**RECORDS SUPPLIED**
+ + + +
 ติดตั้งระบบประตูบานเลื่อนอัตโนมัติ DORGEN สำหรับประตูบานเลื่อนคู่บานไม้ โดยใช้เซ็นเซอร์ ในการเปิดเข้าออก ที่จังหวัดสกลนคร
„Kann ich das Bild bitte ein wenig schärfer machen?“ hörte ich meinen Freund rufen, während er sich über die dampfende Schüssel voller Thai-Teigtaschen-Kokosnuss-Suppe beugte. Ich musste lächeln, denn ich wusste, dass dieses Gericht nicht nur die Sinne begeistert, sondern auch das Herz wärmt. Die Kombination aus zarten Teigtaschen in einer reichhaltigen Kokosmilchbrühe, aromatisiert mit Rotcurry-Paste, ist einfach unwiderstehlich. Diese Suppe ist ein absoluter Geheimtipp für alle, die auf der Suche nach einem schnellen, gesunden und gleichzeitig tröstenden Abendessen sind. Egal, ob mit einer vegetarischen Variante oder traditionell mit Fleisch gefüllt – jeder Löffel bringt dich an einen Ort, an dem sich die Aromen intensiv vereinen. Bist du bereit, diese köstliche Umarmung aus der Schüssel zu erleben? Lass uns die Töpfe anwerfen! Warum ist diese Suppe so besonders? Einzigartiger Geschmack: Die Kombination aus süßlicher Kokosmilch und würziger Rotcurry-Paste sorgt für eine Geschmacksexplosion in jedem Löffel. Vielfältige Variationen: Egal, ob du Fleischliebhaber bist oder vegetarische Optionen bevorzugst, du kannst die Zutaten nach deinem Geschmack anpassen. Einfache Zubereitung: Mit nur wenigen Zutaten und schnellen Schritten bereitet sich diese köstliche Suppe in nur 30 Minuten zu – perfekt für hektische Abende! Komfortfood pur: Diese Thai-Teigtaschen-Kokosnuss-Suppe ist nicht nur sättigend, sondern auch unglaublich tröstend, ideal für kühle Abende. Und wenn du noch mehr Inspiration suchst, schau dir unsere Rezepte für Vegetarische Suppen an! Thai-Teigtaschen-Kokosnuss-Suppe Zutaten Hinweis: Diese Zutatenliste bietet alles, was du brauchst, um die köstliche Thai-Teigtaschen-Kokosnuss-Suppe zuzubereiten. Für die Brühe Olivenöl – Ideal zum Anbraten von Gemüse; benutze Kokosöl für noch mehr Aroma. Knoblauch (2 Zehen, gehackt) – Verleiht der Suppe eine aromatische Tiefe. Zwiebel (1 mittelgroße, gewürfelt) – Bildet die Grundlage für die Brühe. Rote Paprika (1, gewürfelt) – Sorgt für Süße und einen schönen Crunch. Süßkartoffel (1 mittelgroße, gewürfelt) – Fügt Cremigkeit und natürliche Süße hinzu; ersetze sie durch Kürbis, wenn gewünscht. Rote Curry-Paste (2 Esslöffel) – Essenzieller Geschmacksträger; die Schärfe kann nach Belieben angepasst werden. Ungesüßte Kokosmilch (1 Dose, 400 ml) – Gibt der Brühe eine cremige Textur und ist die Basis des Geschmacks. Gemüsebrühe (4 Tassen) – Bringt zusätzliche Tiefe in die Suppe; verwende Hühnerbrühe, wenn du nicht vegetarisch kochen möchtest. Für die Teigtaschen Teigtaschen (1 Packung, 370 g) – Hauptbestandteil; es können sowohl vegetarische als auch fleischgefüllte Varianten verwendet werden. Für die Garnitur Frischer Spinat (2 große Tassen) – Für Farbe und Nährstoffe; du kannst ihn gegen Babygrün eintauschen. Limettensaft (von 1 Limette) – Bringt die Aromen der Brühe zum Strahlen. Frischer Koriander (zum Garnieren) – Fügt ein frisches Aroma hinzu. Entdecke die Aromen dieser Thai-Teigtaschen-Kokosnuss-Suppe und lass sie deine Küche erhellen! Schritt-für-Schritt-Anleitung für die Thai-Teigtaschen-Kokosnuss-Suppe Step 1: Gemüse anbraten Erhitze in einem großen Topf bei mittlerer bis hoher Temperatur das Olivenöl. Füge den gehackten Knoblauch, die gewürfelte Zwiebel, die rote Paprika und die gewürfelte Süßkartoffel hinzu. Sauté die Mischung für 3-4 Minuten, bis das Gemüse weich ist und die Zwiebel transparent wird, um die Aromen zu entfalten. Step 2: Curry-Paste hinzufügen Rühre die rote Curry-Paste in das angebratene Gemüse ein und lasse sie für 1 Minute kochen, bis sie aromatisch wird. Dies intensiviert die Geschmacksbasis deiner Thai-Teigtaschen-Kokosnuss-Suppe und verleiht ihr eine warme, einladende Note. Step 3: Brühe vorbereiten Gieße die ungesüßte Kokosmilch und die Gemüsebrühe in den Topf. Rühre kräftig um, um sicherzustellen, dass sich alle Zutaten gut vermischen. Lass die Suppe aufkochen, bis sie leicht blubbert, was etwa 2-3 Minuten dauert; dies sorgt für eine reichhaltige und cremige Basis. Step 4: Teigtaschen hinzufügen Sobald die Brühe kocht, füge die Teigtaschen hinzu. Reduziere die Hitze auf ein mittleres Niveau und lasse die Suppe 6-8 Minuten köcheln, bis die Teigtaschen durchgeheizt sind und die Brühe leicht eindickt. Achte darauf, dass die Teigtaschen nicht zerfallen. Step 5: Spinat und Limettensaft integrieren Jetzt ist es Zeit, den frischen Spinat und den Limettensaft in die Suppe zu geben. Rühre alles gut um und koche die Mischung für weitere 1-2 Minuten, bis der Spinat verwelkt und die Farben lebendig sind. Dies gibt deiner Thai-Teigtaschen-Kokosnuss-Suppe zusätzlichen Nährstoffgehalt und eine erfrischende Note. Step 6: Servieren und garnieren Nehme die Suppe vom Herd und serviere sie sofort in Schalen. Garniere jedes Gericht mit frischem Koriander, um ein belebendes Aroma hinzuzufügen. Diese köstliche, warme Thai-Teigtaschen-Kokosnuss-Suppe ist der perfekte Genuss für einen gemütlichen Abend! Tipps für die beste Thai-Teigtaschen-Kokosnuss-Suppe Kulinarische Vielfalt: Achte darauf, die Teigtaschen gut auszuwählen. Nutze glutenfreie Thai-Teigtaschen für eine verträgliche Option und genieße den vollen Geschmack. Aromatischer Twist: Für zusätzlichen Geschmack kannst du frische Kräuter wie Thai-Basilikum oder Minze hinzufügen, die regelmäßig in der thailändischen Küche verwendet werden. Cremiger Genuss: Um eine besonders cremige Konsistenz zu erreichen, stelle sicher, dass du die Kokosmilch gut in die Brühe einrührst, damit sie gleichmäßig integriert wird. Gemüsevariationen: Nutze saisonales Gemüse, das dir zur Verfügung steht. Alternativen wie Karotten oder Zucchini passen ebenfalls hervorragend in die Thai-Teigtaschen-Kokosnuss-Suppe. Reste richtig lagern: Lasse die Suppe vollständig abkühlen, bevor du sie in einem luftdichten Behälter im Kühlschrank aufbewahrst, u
+ + + +
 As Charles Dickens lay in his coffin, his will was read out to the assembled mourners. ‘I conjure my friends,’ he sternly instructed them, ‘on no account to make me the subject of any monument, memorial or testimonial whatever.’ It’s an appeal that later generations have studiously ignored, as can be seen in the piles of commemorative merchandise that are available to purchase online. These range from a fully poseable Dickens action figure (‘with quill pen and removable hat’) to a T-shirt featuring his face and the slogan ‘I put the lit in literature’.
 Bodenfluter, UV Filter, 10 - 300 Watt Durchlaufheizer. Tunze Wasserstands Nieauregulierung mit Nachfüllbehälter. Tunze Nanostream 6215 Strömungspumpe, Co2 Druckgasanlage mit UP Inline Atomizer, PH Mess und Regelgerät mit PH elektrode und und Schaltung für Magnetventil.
+ + + +
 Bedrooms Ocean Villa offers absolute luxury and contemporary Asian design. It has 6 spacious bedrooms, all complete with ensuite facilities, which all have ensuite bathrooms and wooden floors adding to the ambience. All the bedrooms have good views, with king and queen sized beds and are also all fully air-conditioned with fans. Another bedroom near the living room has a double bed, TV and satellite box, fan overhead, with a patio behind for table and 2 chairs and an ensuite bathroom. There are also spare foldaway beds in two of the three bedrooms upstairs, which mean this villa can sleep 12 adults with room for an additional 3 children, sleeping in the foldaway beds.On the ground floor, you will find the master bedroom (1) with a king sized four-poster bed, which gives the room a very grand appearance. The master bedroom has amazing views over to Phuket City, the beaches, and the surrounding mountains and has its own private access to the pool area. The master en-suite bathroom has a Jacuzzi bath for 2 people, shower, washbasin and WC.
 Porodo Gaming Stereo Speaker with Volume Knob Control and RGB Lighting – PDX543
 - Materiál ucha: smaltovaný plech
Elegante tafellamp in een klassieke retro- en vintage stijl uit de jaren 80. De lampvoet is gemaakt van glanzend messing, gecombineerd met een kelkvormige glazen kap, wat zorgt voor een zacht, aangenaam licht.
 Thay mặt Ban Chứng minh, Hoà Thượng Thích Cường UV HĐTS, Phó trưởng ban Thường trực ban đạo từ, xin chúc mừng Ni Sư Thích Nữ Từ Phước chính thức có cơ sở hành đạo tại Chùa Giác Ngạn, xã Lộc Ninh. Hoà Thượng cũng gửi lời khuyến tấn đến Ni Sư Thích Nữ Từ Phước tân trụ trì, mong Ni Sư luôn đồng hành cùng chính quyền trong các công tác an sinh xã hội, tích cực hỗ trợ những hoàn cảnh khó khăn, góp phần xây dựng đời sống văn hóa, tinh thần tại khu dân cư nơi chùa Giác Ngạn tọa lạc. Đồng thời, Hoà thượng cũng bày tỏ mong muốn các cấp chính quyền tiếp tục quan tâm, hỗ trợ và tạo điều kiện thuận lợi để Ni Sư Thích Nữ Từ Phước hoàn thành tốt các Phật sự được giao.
+ + + +
**TRY IT**
Give back, word for word, only the lines above from the line holding "- Materiál ucha: smaltovaný plech" to the line holding "Elegante tafellamp in", both included.

**SOLUTION**
 - Materiál ucha: smaltovaný plech
Elegante tafellamp in een klassieke retro- en vintage stijl uit de jaren 80. De lampvoet is gemaakt van glanzend messing, gecombineerd met een kelkvormige glazen kap, wat zorgt voor een zacht, aangenaam licht.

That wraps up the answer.